By considering formulas (14), (15) it can be proved by the standard method (see [16], pp.302-304) that for each \(f(x)\in L_{2}(\mathbb{R} ^{+})\) the function

$$ y(x,\lambda)=\int_{0}^{+\infty}G(x,t,\lambda)f(t)\,dt, $$

belongs to \(L_{2}(\mathbb{R} ^{+})\) and satisfies the condition \(y^{\prime}(0,\lambda )-hy(0,\lambda)=0\). Further the integral operator \(L_{\lambda}^{-1}:L_{2}(\mathbb{R} ^{+})\rightarrow L_{2}(\mathbb{R} ^{+})\) defined by

$$ (R_{\lambda}f) (x)= \bigl( L_{\lambda}^{-1}f \bigr) (x)=\int _{0}^{+\infty }G(x,t,\lambda)f(t)\,dt $$

is bounded for \(\forall\lambda\in\mathbb{C}\backslash{}[\sigma _{p}(L_{\lambda})\cup\mathbb{R}]\) and \(\Vert R_{\lambda} \Vert \leq\frac{2\vert C(\lambda)\vert }{\tau}\). It means that \(\lambda\in\rho(L_{\lambda})\). On the other hand, for \(\operatorname{Im}\lambda =0\), the operator \(L_{\lambda}^{-1}\) is a closed operator defined on a dense proper subset of \(L_{2}(\mathbb{R} ^{+})\), and so \(L_{\lambda}^{-1}\) is an unbounded operator, which means \(\lambda \in\sigma_{c}(L_{\lambda})\).
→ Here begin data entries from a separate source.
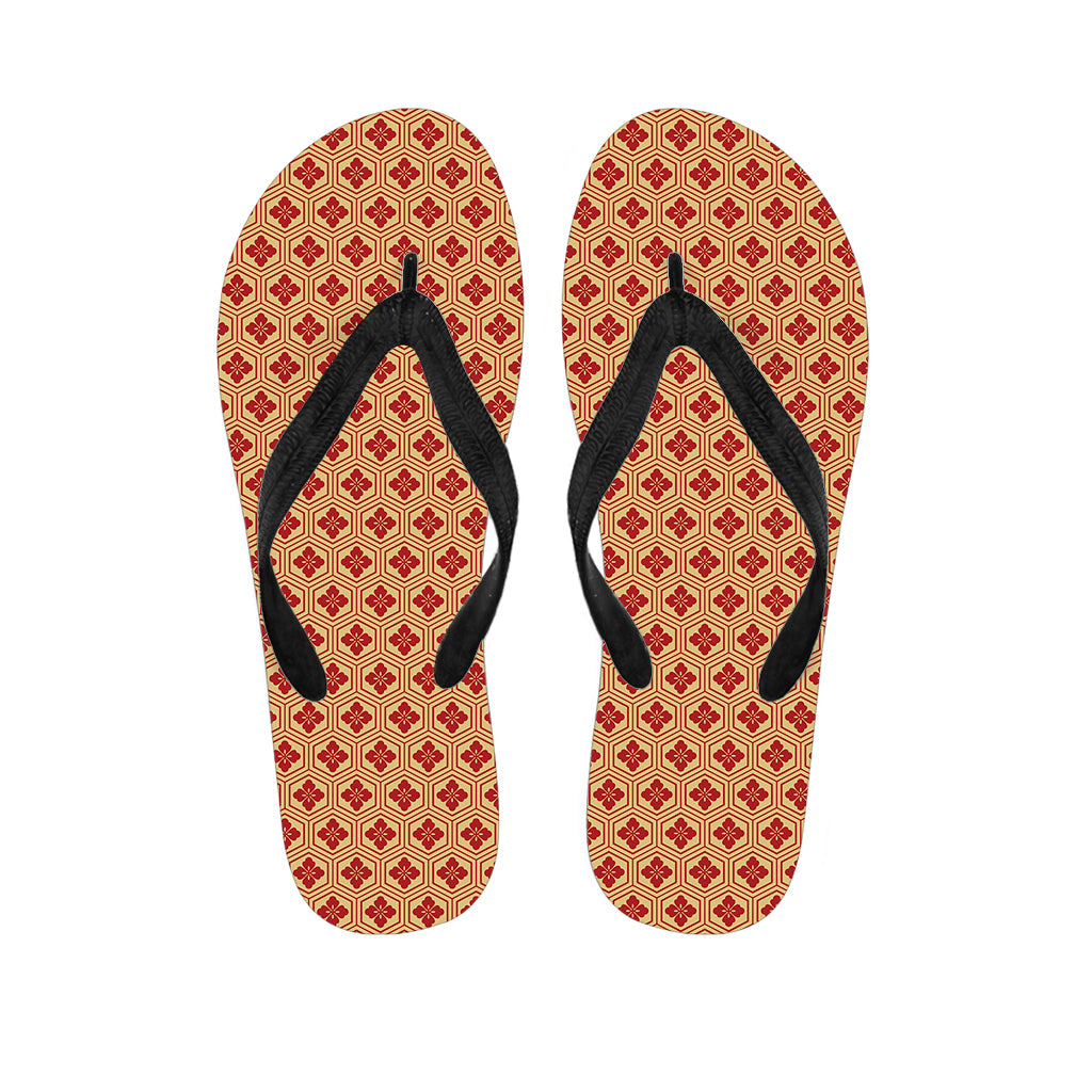 Red Japanese Flower Pattern Print Flip Flops For Men Women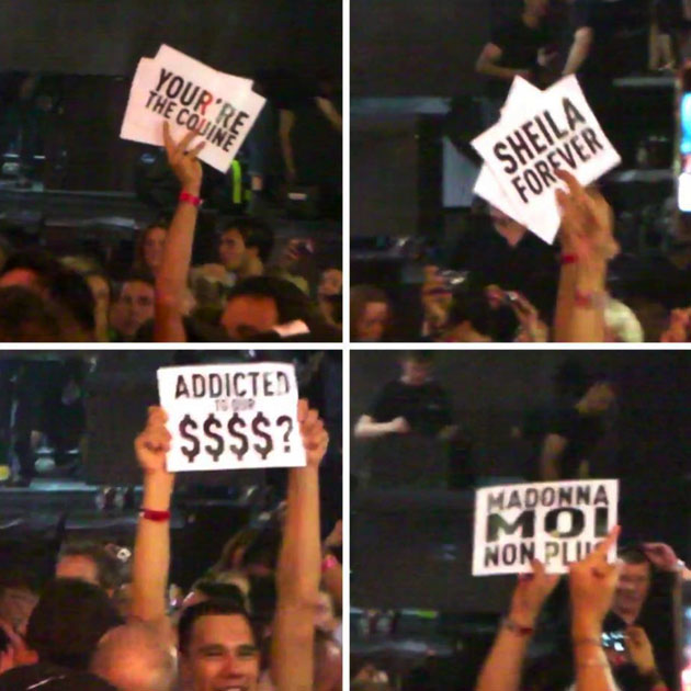 Por otro lado, daba la sensación de que un sector de fans se había quejado por haber pagado para asistir al concierto y encontrarse con menos de una hora de show... Pues bien, parece que todo tiene una explicación. Un grupo de activistas del partido de Marine LePen consiguieron introducirse en el concierto y ya traían carteles impresos de casa con consignas del estilo 'Adiccted to our $$$' o 'You're The Couine', que es un juego fonético que imita la palabra 'Queen' pero que en francés significa "Tú eres el chillido".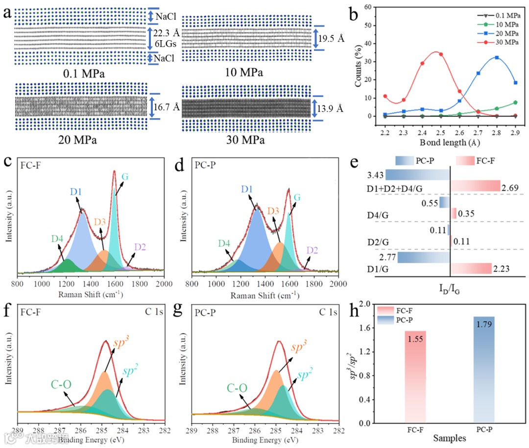 为了进一步确认碳纳米片之间的高压焊接过程,对FC-Fs和PC-Ps的结构缺陷和化学状态进行了分析。拉曼光谱和XPS能谱结果进一步验证了NaCl立方体界面处的高压能显著降低碳材料的结构缺陷,促进碳材料结构愈合,进而形成自支撑泡沫碳。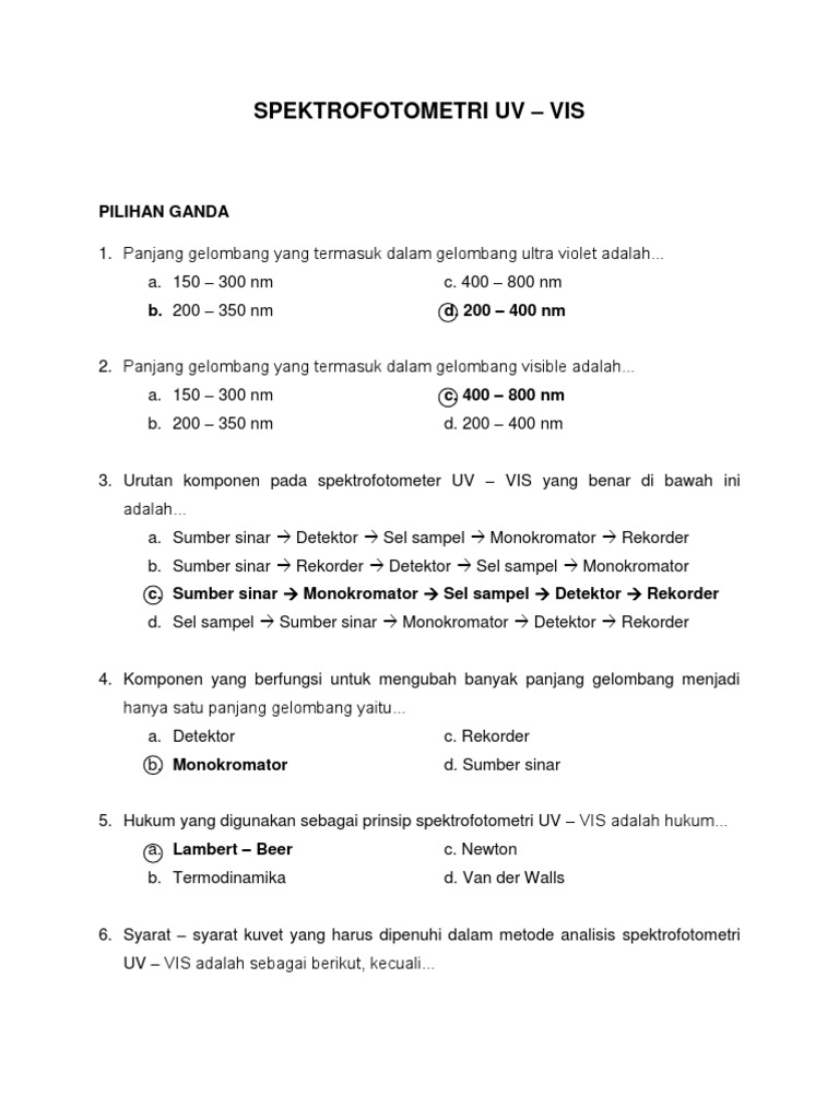 Pertanyaan dan jawaban tentang spektrofotometri. We did not find results for: Check spelling or type a new query. Maybe you would like to learn more about one of these?

It is clear that root λ of the equations \(\Delta_{1}(\lambda)=0\), \(\operatorname{Im}\lambda\geq0\) or \(\Delta_{2}(\lambda)=0\), \(\operatorname{Im}\lambda \leq0\) may be a pole of the kernel \(G(x,t,\lambda)\). If \(\operatorname {Im}\lambda \neq0\), then these poles are eigenvalues of the operator \(L_{\lambda }\). If \(\operatorname{Im}\lambda=0\), since \(L_{\lambda}\) does not have \(\lambda\in\mathbb{R}\) as an eigenvalue, then the kernel \(G(x,t,\lambda)\) of the resolvent operator has poles at these points which are called spectral singularities (in the sense of [16], p.306) of the operator \(L_{\lambda}\).
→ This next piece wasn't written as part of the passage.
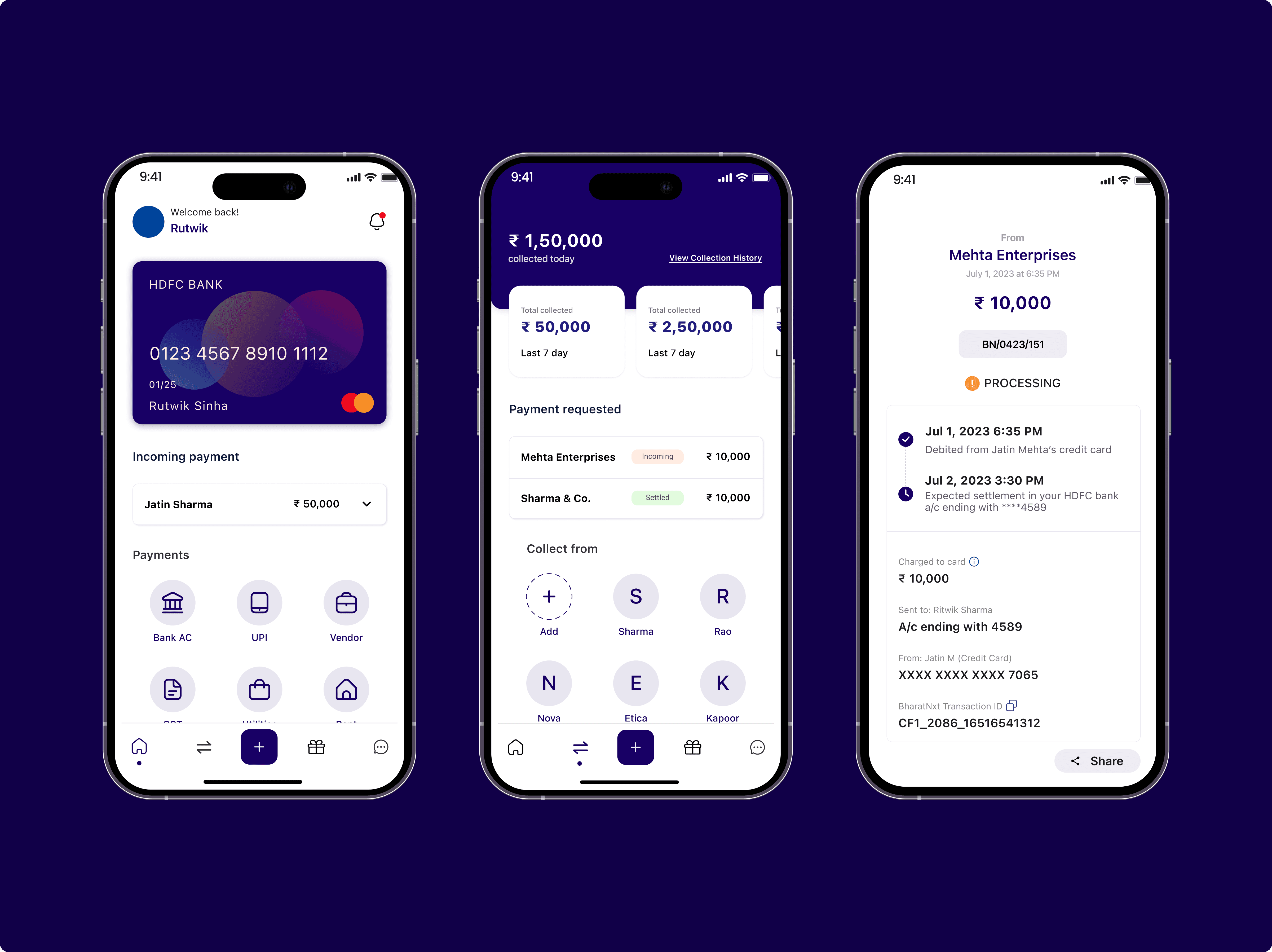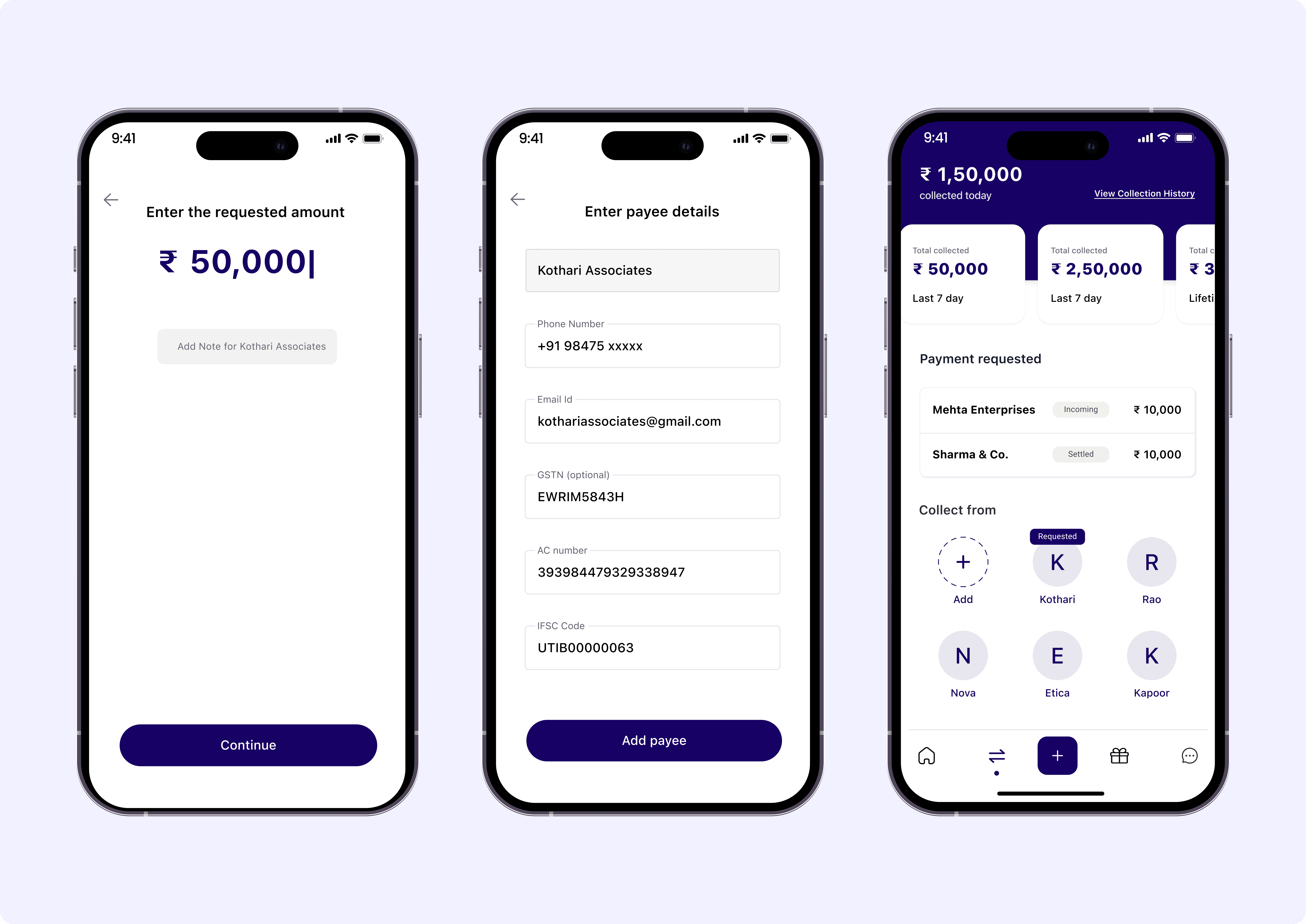 BharatNXT is a B2B payments platform enabling businesses to send, receive, and track transactions. This case study focuses on the design of a bi-directional payment tracking and collections feature that supported payers, payees, users, and non-users while driving transparency, activation, and repeat engagement.

Thus the following theorem is true.

Theorem 6

\(L_{\lambda}\) has a continuous spectrum \(\sigma_{c}(L_{\lambda})=\mathbb{R} \), a countable set of eigenvalues \(\sigma_{p}(L_{\lambda })\subseteq \mathbb{C} \backslash \mathbb{R} \) and the resolvent set \(\rho(L_{\lambda})=\mathbb{C} \backslash ( \mathbb{R} \cup\sigma_{p}(L_{\lambda}) ) \). The resolvent operator \(L_{\lambda}^{-1}\) is an integral operator in \(L_{2}(\mathbb{R} ^{+})\) with the kernel \(G(x,t,\lambda)\) of Carleman type for \(\lambda\in\rho(L_{\lambda})\).

4 The asymptotic formulas for singular values of the operator \(L_{\lambda}\)
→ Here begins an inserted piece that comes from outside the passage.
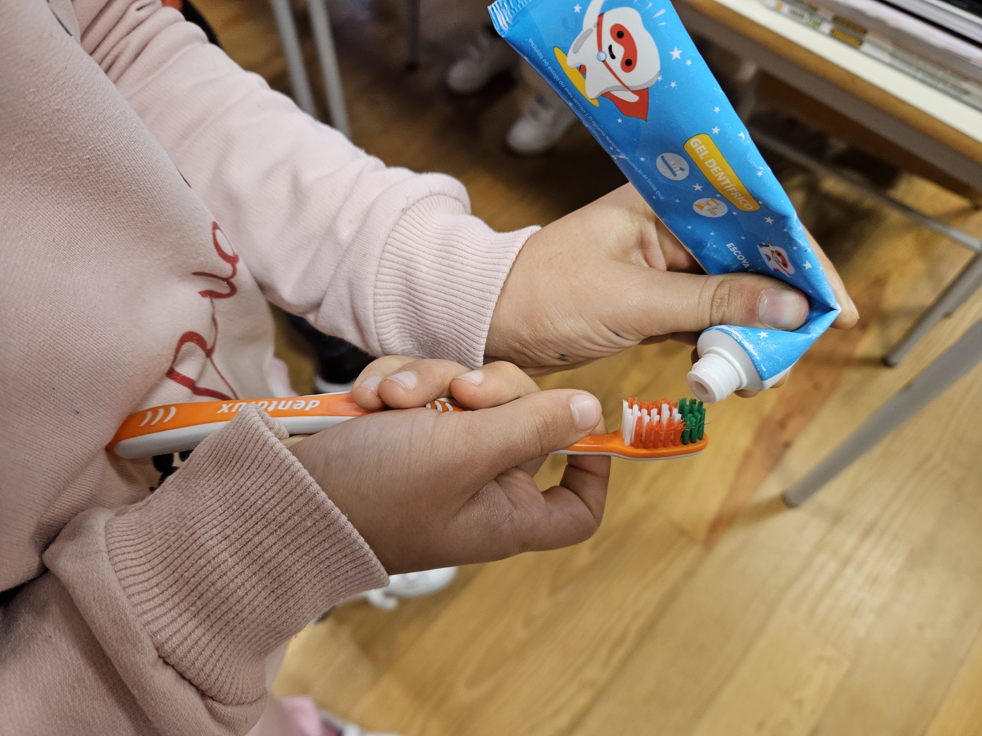 Para que todos vissem e entendessem a mensagem principal - cuidar da saúde oral - a enfermeira fez-se acompanhar de uma dentadura e uma escova gigantes. Mostrou como deve ser feita a escovagem e porque deve ser feita dessa maneira. Alertou para a importância de uma pasta com a quantidade de flúor recomendada e para o tamanho da escova, que depende da dimensão da boca. “Deve ser preferencialmente pequena para não magoar as gengivas”, esclareceu.

In this section we specify the location of the singular values of the operator \(L_{\lambda}\) on the λ complex plane and show that the singular values with sufficiently large modulus are located close to the points \(\lambda=\pm\frac{n}{2}\), \(n\in\mathbb{N}\). Note that by the singular values of the operator \(L_{\lambda}\) we mean the eigenvalues and spectral singularities of the operator \(L_{\lambda}\). For this reason we show that the singular values are located on the set \(E_{\alpha}= \{\lambda|\lambda\in\mathbb{C}, \vert \operatorname{Im}\lambda \vert <\alpha, \operatorname{Re}\lambda<\alpha \} \) for some \(\alpha>1\). Let us prove this fact for the case \(\operatorname {Im}\lambda\geq0\), \(\Delta_{1}(\lambda)=f_{1}^{\prime}(0,\lambda)-hf_{1}(0,\lambda)=0\); when \(\operatorname{Im}\lambda\leq0\), \(\Delta_{2}(\lambda )=f_{2}^{\prime }(0,\lambda)-hf_{2}(0,\lambda)=0\), it is proved in a similar way.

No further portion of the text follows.